Now 52, Neal has spring boarded himself from those beginnings to make his mark on the music world. He has shared the stage with some of the world’s most influential musicians, among them B.B. King, Bonnie Raitt, Muddy Waters, Aaron Neville and John Lee Hooker.
Neal began forging his identity while working as a young musician out of Toronto, where he and brothers Raful, Jr., Noel, Larry and Ronnie formed the Neal Brothers Band to back up touring blues stars. He returned to Baton Rouge and in 1988 began releasing albums through Alligator Records. Those recordings, which showcased the Louisiana sound he had grown up with, drew praise from critics.
In 1991 Neal appeared on stage in another medium: acting. He took the lead role in “Mule Bone,” a 1930's play written by Langston Hughes and Zora Neale Hurston. Neal’s run featured music written by Taj Mahal, and he himself would later set two Hughes poems to music.
Neal then began releasing albums through Telarc Records, collaborating with fellow harmonicist Billy Branch in 2004 to record “Double Take,” which won the W.C. Handy award the following year.
He relocated to California in 2004, where he launched “Neal’s Place,” a cable television program that features him jamming with national and local musicians.
Troubles he endured afterwards, including the loss of his father, brother and sister and his treatment for Hepatitis C, inspired one of his most critically-acclaimed albums, 2008’s “Let Life Flow.”
Neal discussed his life last week while in the Washington, D.C. area to play a benefit concert for the D.C. Blues Society. There, he had a chance to jam with two prominent D.C. area blues musicians, guitarist Memphis Gold (pictured with Neal above) and singer Stacy Brooks.
We started the conversation by asking Neal about his upcoming album, “Hooked on Your Love:”
Kenny Neal: Well the new album is called “Hooked on Your Love” and it will be out officially September 14.
Neal: Yeah, so I’m very excited about it. You know my last CD was “Let Life Flow,” so I got a couple of years out of that and now I’m back again with a new one.
BBP: Is there something about this CD that’s taking you in a different direction?
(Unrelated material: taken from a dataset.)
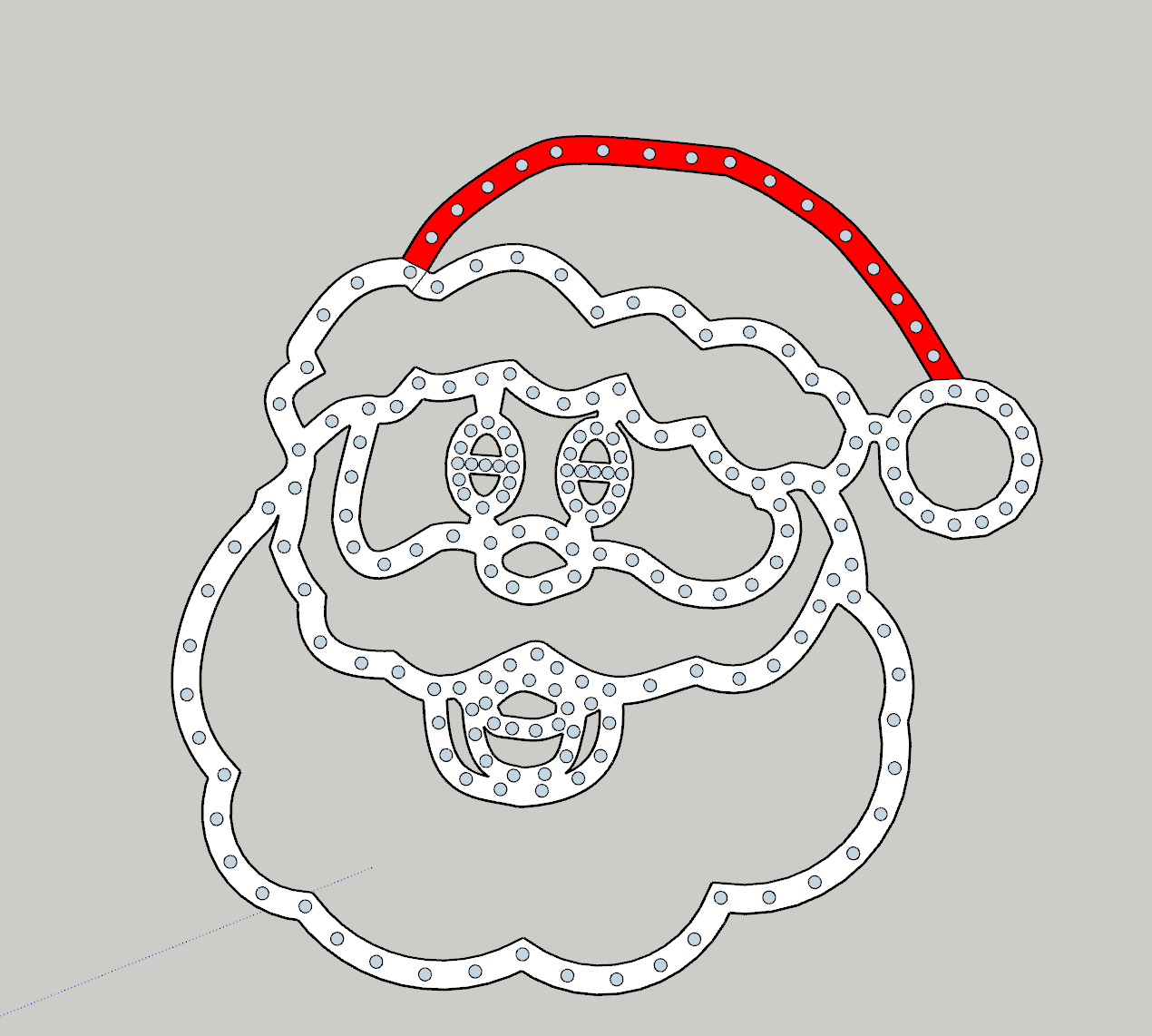 First - the props. In my last post, I left you with a picture of my 3D printed singing Christmas Tree and a view to make some new props. I started working on a similar layout to the singing Santa from Boscoyo albeit at a suitable size for the space it'll be mounted in. The process was similar to the Christmas tree - eyeball the layout from xLights, reduce the size to the space I wanted to occupy (around 60-70cm square) and draw in new 12mm holes for the bulbs to sit in.

Neal: Well this CD here, I just wanted to keep in mind some of the guys that I come up with that a lot of the folks don’t know about. I wrote, you know, seven or eight songs on the CD, but also, people like O.B. Wright, Bobby Bland, Little Milton. I wanted to hit a little bit of that blues style as well, because on my circuit you don’t hear it that often. And I grew up with it. So I just want to share that with my fans. And I’m really happy about the way it turned out.
BBP: I heard a rumor that when you were three years old Slim Harpo put a harmonica in your mouth to keep you quiet.
Neal: I was a little older than three (laughing). But uh, he and my dad Raful Neal, Slim Harpo from Baton Rouge, they were all friends. And he was coming over to the house one day and they was unloading the trailer and he told me—pickin’ on a little kid—to go inside the trailer and see if any instruments was left. I went in and he closed the doors on me and I freaked out. I got a phobia. And it freaked him out so bad, to cheer me up he went out and got a harmonica and gave to me and said “son, I’m so sorry I didn’t mean to..but that’s how that happened.” But I never thought I’d end up playing that thing.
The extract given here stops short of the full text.